Robust Methods of Multistep Velocity Analysis
KATZ, SIMEON, University of Southern California, Los Angeles, CA
The stability of velocity analysis results obtained in the presence of strong noise may be improved if several adjacent CMP gathers are processed, thus increasing the number of the input records for velocity analysis, and if a better velocity analysis operator is utilized. The two classes of the velocity analysis techniques discussed here are based on the joint processing of a group of adjacent CMP gathers and are characterized by high stability of the output results.
The algorithms of the first class are less sensitive to perturbations in dips of the reflectors, so that approximate values of the dips may be used.
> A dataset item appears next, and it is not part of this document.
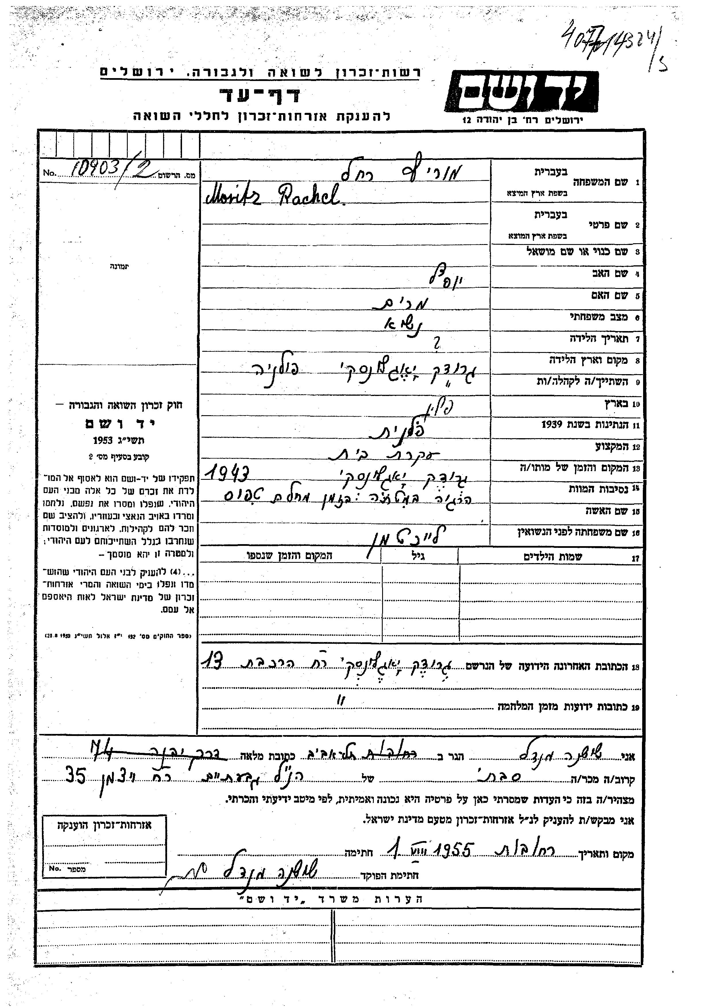 Moritz Rachel Grodek Jagiellonski, Pologne Feuille de témoignage

The algorithms of the second group are dip sensitive so that depth dependent dips should be taken into account.
In each of these classes different velocity operators may be used to generate an output velocity analysis section. I consider four types of the velocity analysis operators: (1) modified semblance, (2) penalty function defined as a monotonic function of the signal-to-noise ratio estimate, (3) linear stack velocity function, and (4) linear stack modulated by the penalty function.
The results of the experiments with these velocity analysis techniques indicate that in the case of semihorizontal interfaces the best results are obtained via use of the operator (4). If the dip of the reflector is unknown and may be large, the velocity operators (2) and (1) may give better results.
AAPG Search and Discovery Article #91009©1991 AAPG-SEPM-SEG-SPWLA Pacific Section Annual Meeting, Bakersfield, California, March 6-8, 1991 (2009)